CY: Our modern world loves the Middle Ages, or so-called Medievalism, possibly more than the Baroque or Baroque opera. But early music festival organizers may have learned how to market a baroque opera, and they cling to a fixed mode of performance, as they have for years. However, audiences would be receptive to pre-baroque productions, such as an original version of Orfeo from the late 15th century. – but the organizers are thinking all too conservatively here. The greatest commercial success with medieval “operas” and “operettas” (liturgical dramas) was achieved by the New York Pro Musica in 1958 with the “Play of Daniel” (another exception was the boom of Gregorian chant in the 1990s).

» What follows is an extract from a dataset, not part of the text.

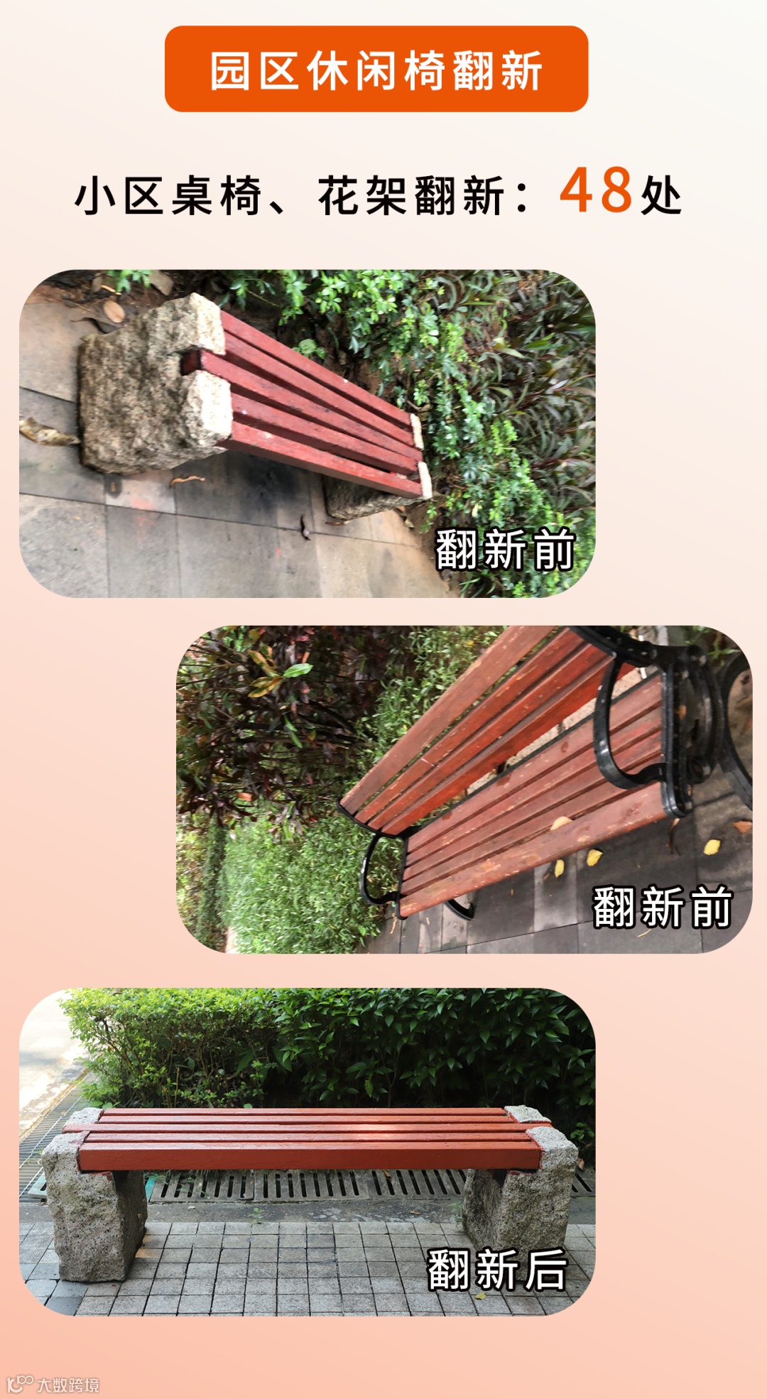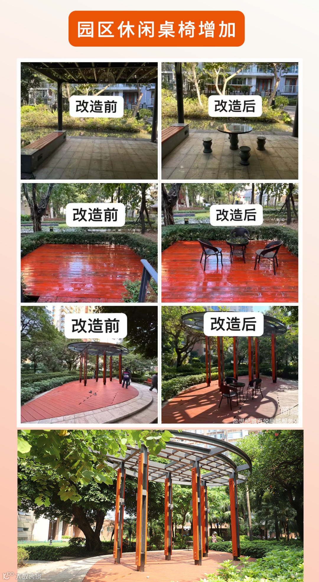 入驻初期,百悦尚城物业团队迅速摸排园区环境、设施设备等现状,并进一步结合实际采取一系列焕新整改举措,提升现场服务品质。让我们一起来看看,物业都做了哪些整改?

But today, unfortunately, there are hardly any major pre-baroque productions.
Medieval as well as Renaissance music needs a narrative, a narrative background, and thus has to reinvent itself in the market. It should not be dismissed as the exotic corner of classical music or pushed aside as mere musical history. In general, historical terms or eras, but also designations such as “early music” should be avoided for a successful market strategy.
Festival organizers regularly base their decisions on the commercial added value as well as on the classical music scene (so in particular with the early operas); thus also the music schools (in the logic of a business model) follow the guidelines of the festivals and prepare the students for the later epochs. However, if the organizers were to shift their priorities to equally rich, earlier centuries (as ReRenaissance is currently attempting to do), a new trend would emerge, which would not be without consequences for the music academies. But today, medieval and Renaissance music majors appear as Baroque and Classical music minors, in a conservatory devoted primarily to the modern era. This model of studying early music dates back to the 19th century. and urgently calls for revision.

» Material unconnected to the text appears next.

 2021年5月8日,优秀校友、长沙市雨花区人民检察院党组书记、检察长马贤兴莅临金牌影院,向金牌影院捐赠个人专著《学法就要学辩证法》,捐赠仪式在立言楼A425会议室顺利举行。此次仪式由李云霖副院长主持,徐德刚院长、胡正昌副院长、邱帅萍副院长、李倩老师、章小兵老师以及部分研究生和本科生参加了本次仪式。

My own view in the late 1970s was that conservatories would establish stand-alone Medieval and Renaissance departments within a decade or two. Far from it. The main reason is that baroque music gets along with the classical world, is similar in structure and content to “normal” classical music, and is thus accepted. This is not the case with the Renaissance – and even more so with the music of the Middle Ages. These musical epochs or styles could never be marketed as ‘classical’, they belonged rather to the environment of folk or traditional music, or to jazz or even to the new music scene for laymen.
Medieval and Renaissance music must be “decoupled” from Baroque as well as Classical music. The differences between the baroque and the humanistic understanding of music, as well as their approach to art, are enormous, so they also differ in performance practice (which is blithely disregarded when musicians try to do both at the same time). The medieval or renaissance musician should therefore not see himself as an assistant or helper to a “mainstream” music, but should instead train at a conservatory, at an interdisciplinary institute with courses in art history and literature as well as linguistics. The focus of his education would then be cultural, historical, geographical as well as musical. My vision of an adequate education for a performer or an ensemble thus includes a study which at the same time does justice to art-historical and work-historical aspects and accordingly delves into an epoch of early music. Perhaps such a career once again deserves the term “authenticity”.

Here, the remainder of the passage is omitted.